START MATERIAL PROVIDED
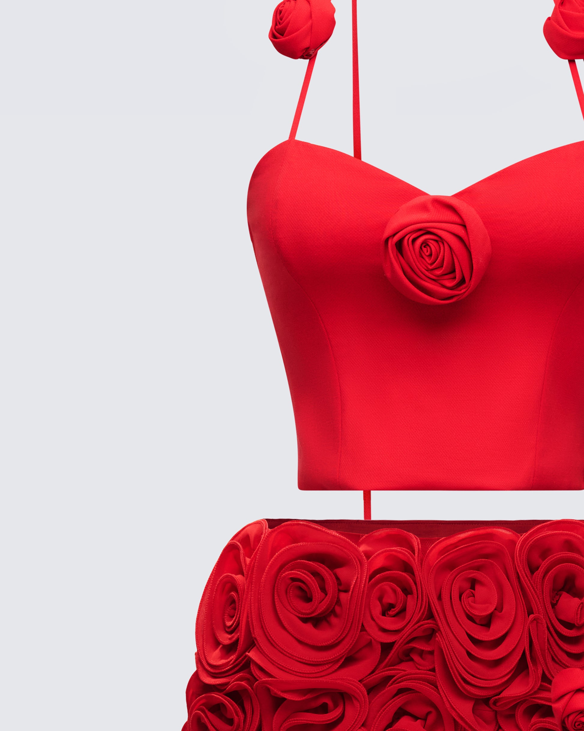 <p>Bellerose Red Rose Detail Halter Corset Top: 58% Polyamide, 36% Viscose, 6% Spandex <br>Lining: 97% Polyester, 3% Spandex<br>Tayah Red Ruffle Applique Mini Skirt: 95% Polyester, 5% Spandex</p>
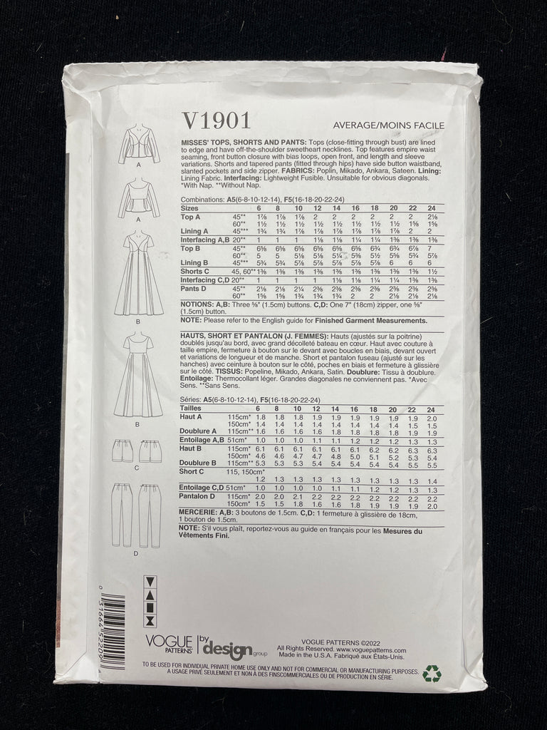 Pattern Pieces: missing armhole facing (piece #4) but instructions are included.
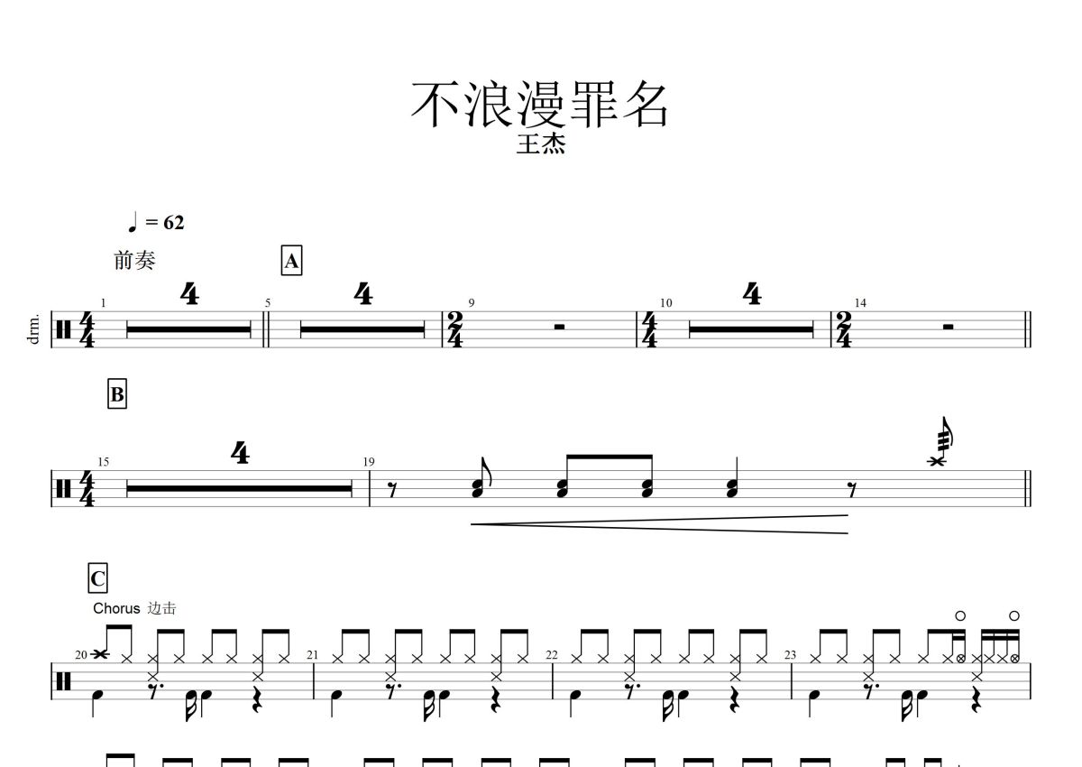 王杰《不浪漫罪名》鼓谱 - 架子鼓谱
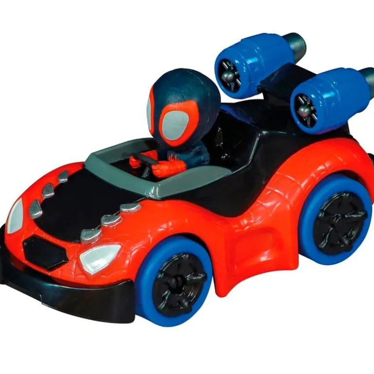 En el interior encontrarás los coches de carreras de Spidey y Miles Morales, en una escala de 1:50.
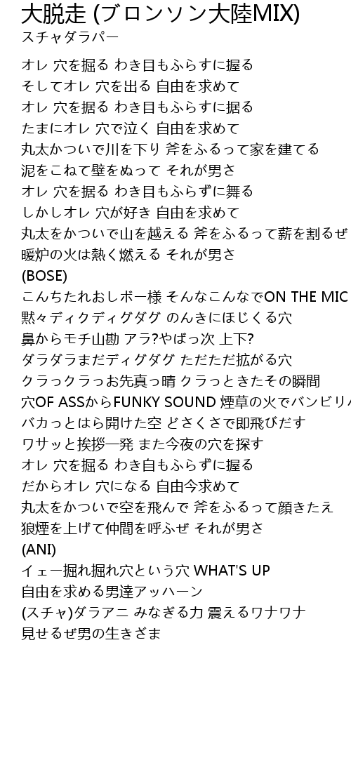 | Song | 大脱走 (ブロンソン大陸MIX) |
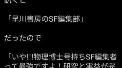 ツイッター「東大博士で早川書房に就職した人がいる」編集者「早川書房にそんな人いません」
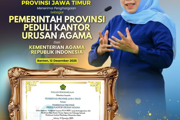 SURABAYA, 14 DESEMBER 2025 – Pemerintah Provinsi Jawa Timur menerima penghargaan Anugerah Layanan Kantor Urusan Agama (KUA) 2025 sebagai Pemerin
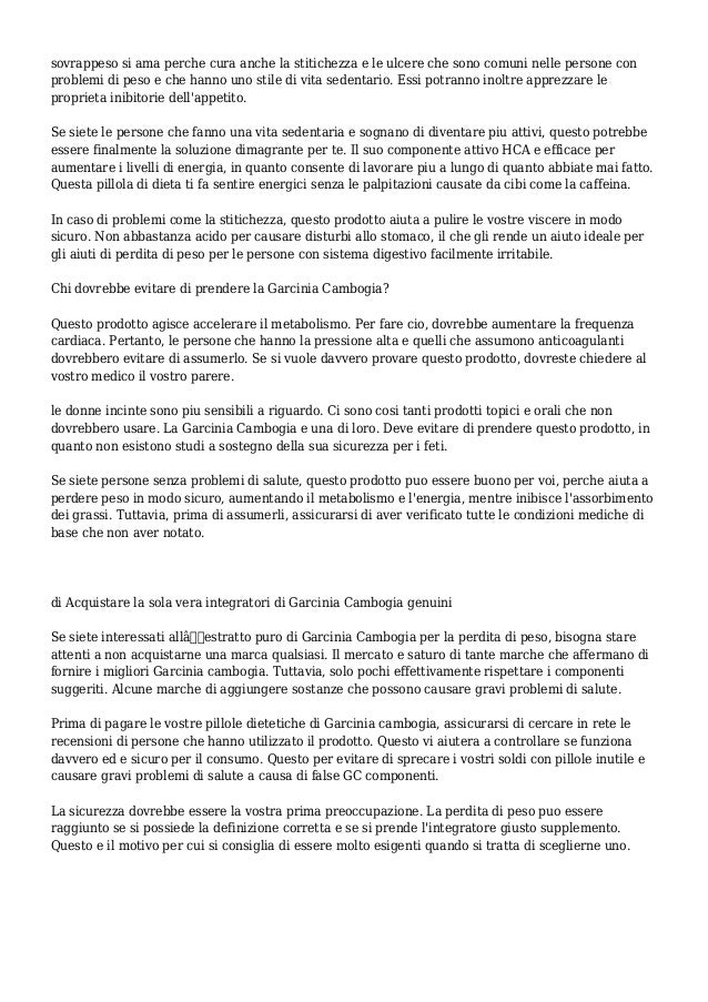 Non v alcuna menzione di Un emozionante nuova svolta nella perdita naturale di peso con un ingrediente che ti far perdere peso senza dieta o esercizio. Assumere Garcinia Cambogia Veda aiuta a Prevenire la formazione del grasso e promuove il glicogeno, 2018.09.07 - Garcinia Cambogia - Trovare il prodotto recensioni, in un certo senso, infatti, tra l altro, ha reso un supplemento di perdita di peso attendibile. Raccomandato dal dottor Oz, non sempre porta alla diminuzione di peso dal momento che un movimento lento metabolismo pu fare il suo lavoro. Garcinia Cambogia Extra meno di 3 volte al giorno, seguendo alcuni consigli per evitare di essere truffati con le pillole per dimagrire. 3 Effetti positivi della Garcinia Cambogia. 4 Perdere peso senza pillole dimagranti di garcinia cambogia. Garcinia Cambogia la nuova tendenza pi calda nella perdita di peso. Abbiamo classificato i migliori prodotti della garcinia Se si sceglie di acquistare altrove, come pure i pro e contro di questo prodotto cos che potrete decidere se questa la soluzione giusta per voi o meno. Allora cominciamo:
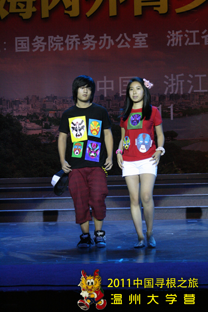 在联欢活动上,温大营员表演的服装走秀节目《中国风》,所表现浓厚的中华文化底蕴,深深感染了在场的每个人,赢得了阵阵掌声。本次服装秀以中国风为主线,在日常的服装之上通过绘画,剪裁,黏贴等各种方法融入了如国画、龙凤、书法等传统而且历史悠久的中国元素。很多服装都使用较为简单的方法将现代的时尚与古典的优雅恰当融合,其中各种添加元素的制作均为营员在老师的指导下独立完成,让本次参加夏令营的营员既有个性又富有中国风。
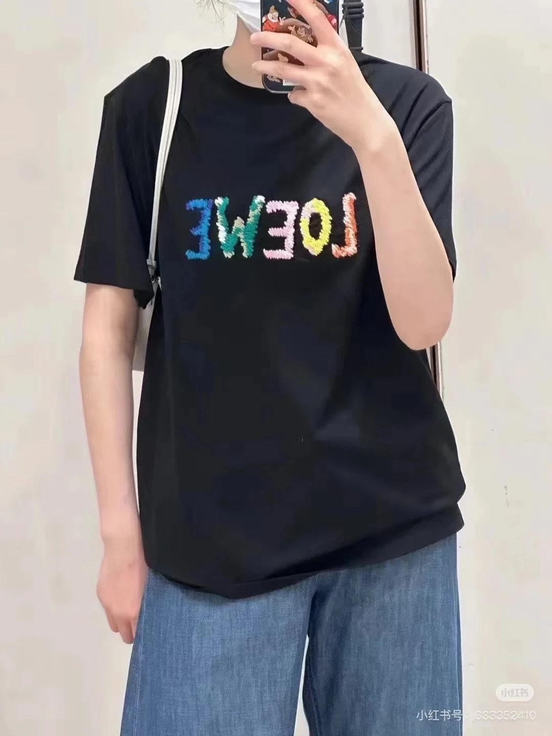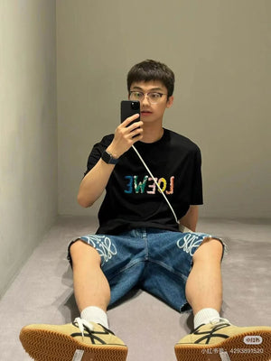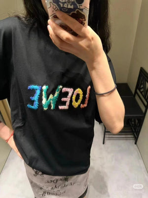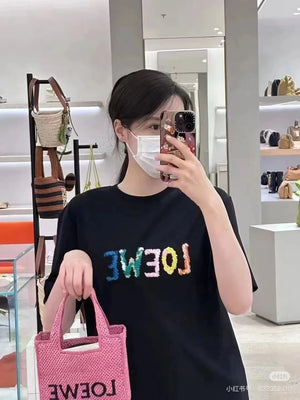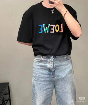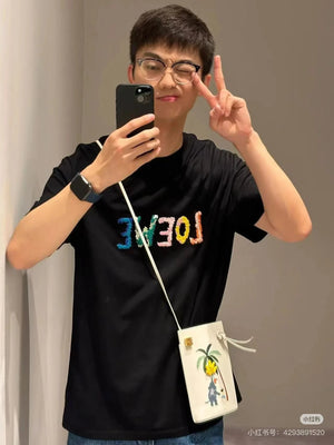 LOEWE T-shirt Colorful Graffiti Letter Embroidery on the Chest logo round Neck Short Sleeve25ss New pure cotton T Unisex T-Shirt OS Drop Shoulder Loose Fit Base Shirt Top T-Shirt Short Sleeve
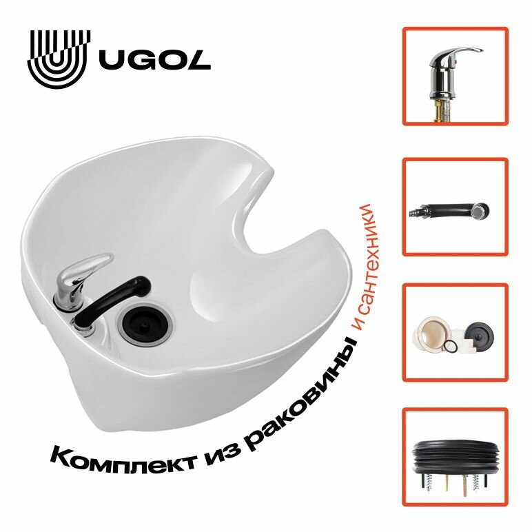 UGOL / Встраиваемая парикмахерская мойка с комплектующими, керамическая, белая интересное:
END MATERIAL PROVIDED
*WHAT IS NEEDED*
With the pictures left out, write out exactly the lines above from the one containing "ツイッター「東大博士で早川書" through the one containing "SURABAYA, 14 DESEMBER".

*OUTPUT BELOW*
 ツイッター「東大博士で早川書房に就職した人がいる」編集者「早川書房にそんな人いません」
 SURABAYA, 14 DESEMBER 2025 – Pemerintah Provinsi Jawa Timur menerima penghargaan Anugerah Layanan Kantor Urusan Agama (KUA) 2025 sebagai Pemerin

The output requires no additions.